A local service calls a class with the CamelCased service name. This class MUST
have a self.perform method which receives all of the given arguments. It is up
to you to check or validate the existence of arguments and work with return values.

KingSoa::Service.new(:name => :crunch_image)
# call service
KingSoa.crunch_image('/path')
# translates into
CrunchImage.perform('/path')

==== Queued Services

The service is put onto a resque queue and somewhere in your cloud you should
have a worker looking for it. The service class should also have the resque
@queue attribute set so the job can be rescheduled if it fails.
Queued methods can not have return values => fire & forget

KingSoa::Service.new(:name => :delete_user,
:queue => :deletions)

:queue => name of the queue as defined by resque. Actually used as prefix in redis

Example of a receiving resque worker class:

class DeleteUser
@queue = :deletions
self.perform(user_id)
User.destroy(user_id)
end
end

==== Gotchas

* make sure to define the service on the sender side with the appropriate url
* define the local service(called from remote) with the right auth key
* double check your auth keys(a string is not an int), to be save use "strings" esp. when loading from yml

== Rack Middleware

The included middleware provides some convinience on the receiving side. It does
the authentication and relies on json for incoming requests and outgoing responses.
For incomming request the url param[args] is automaticly json decoded.

Response on success
HTTP/1.0 200 OK
Content-Type: application/json
Content-Length: 1234
'{result:{whatever you return .. if you care}}'

Response on error
HTTP/1.0 500 Server Error
Content-Type: application/json
Content-Length: 1234
'{error:'error msg as string'}'

The middleware, by default, grabs all incoming request to my_url/soa. This
behaviour can be customized when setting it up:

config.middleware.use KingSoa::Rack::Middleware, :endpoint_path =>'/incoming_soa'

grabs all requests to: my_url/incoming_soa

== Integration

Just think of a buch of small sinatra or specialized rails apps, each having
some internal services and consuming services from others.

=== Rails

Add the middleware(application.rb/environment.rb) if you want to receive calls.
require 'king_soa'
config.middleware.use KingSoa::Rack::Middleware

Setup services for example in an initializer reading a services.yml file.

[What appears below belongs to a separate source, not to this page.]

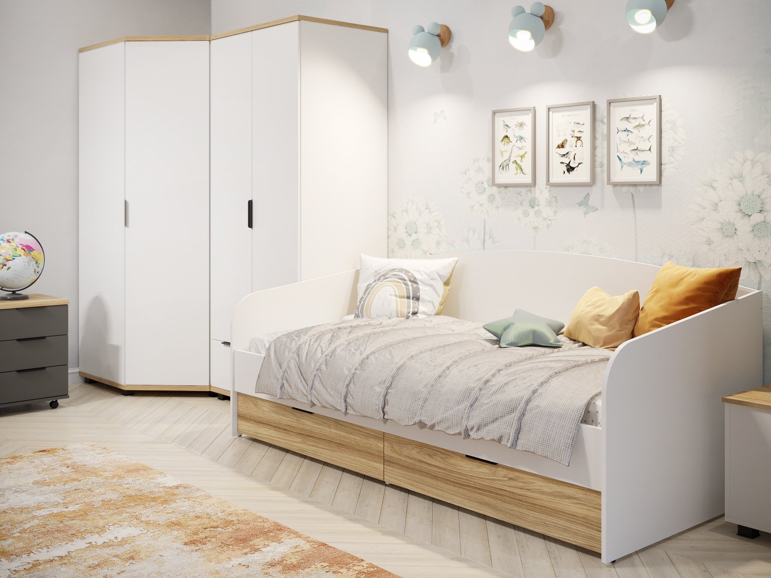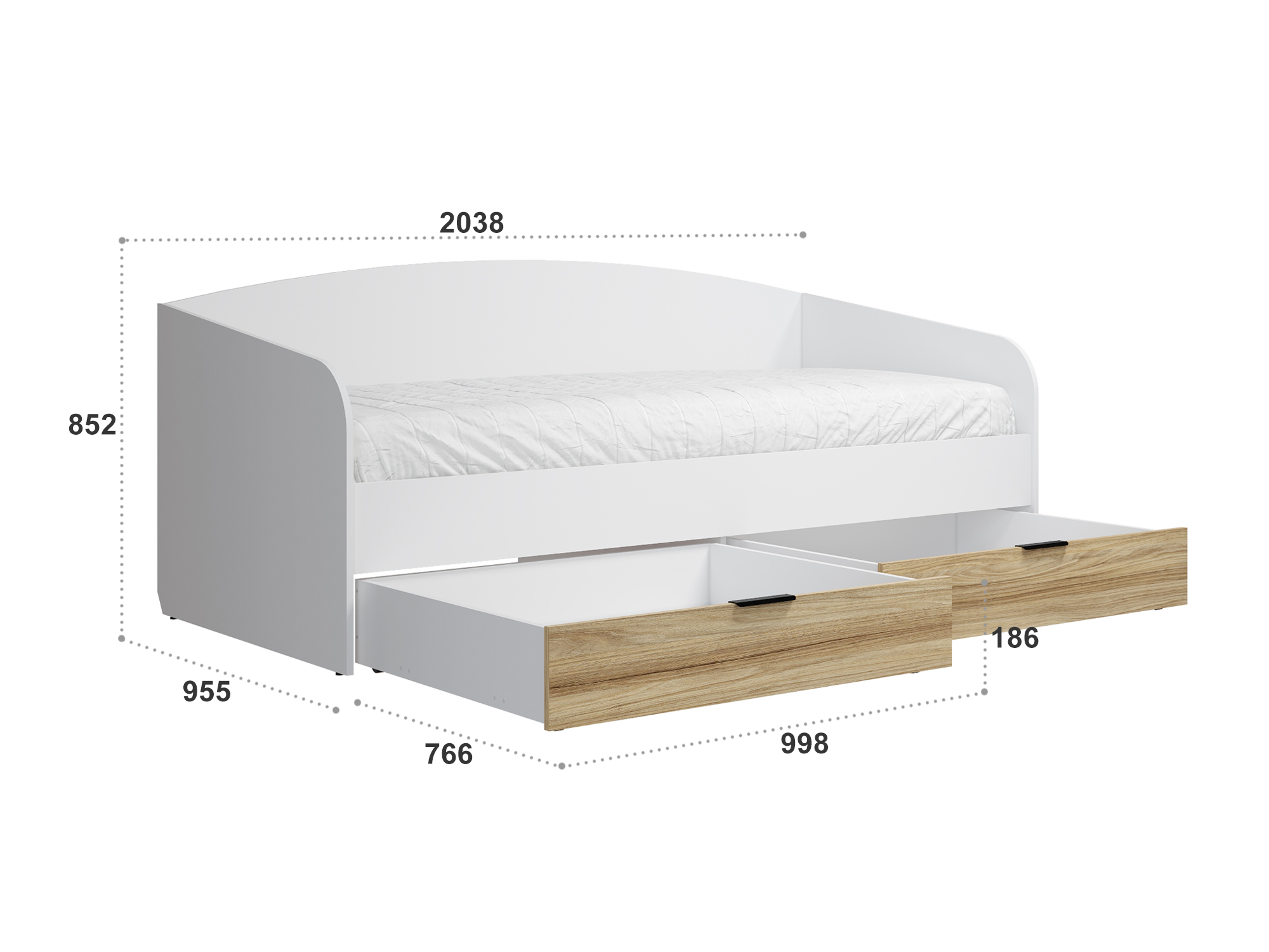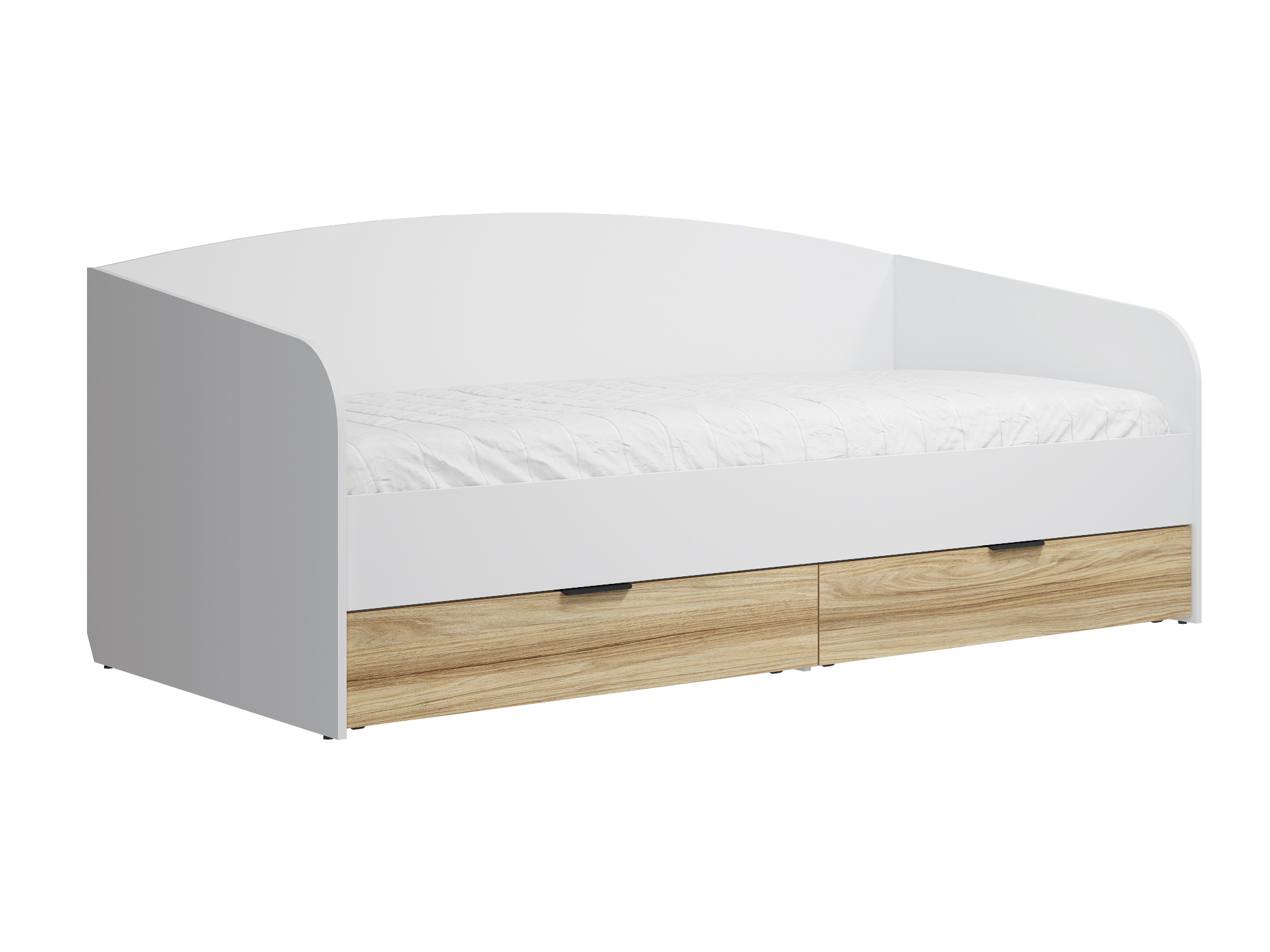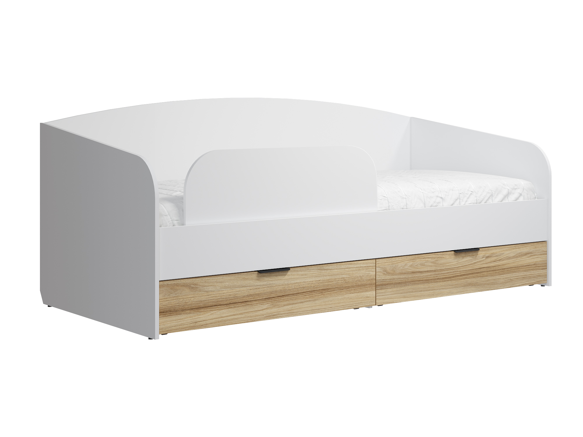 Кровать односпальная Скайлайт СЛ-31К идеальна для детской и подростковой комнаты. Спинки кровати имеют плавные линии без острых углов, что особенно актуально для активных детей. Основание кровати: ЛДСП. Высота изножья ___ мм. Фасады и царги изготовлены из ЛДСП 16 мм. Кровать имеет два выкатных ящика глубиной 766 мм для хранения вещей, игрушек или постельного белья.
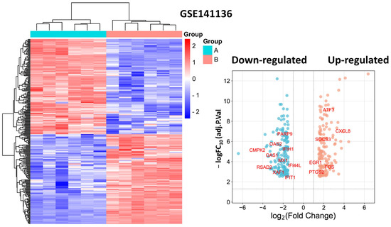 Heatmap and volcano plot for DEGs from dataset GSE141136. Note: the identified hub DEGs are shown in the volcano plot.

For
now there is no convinience loading method and no proposed yml format.
#services.yml
sign_document:
queue: signings
send_sms:
url: 'http://messaging.localhost:3000'
auth: '12345678'

# king_soa_init
service_defs = YAML.load_file(File.join(RAILS_ROOT, 'config', 'services.yml'))
service_defs.each do |k, v|
opts = { :name => k }
[:url, :auth, :queue].each do |opt|
opts[opt] = v[opt.to_s] if v[opt.to_s]
end
KingSoa::Registry << KingSoa::Service.new(opts)
end

=== Sinatra

Take a look at spec/server/app where you can see a minimal sinatra implementation
The base is just:

require 'king_soa'
use KingSoa::Rack::Middleware

The service definition should of course also be done, see rails example.

== ToDo

* better error logging
* a central server with clients getting service definitions from it

== Note on Patches/Pull Requests

* Fork the project.
* Make your feature addition or bug fix.
* Add tests for it. This is important so I don't break it in a future version unintentionally.
* Commit, do not mess with rakefile, version, or history. (if you want to have your own version, that is fine but bump version in a branch or commit by itself so I can ignore when I pull)
* Send me a pull request. Bonus points for topic branches.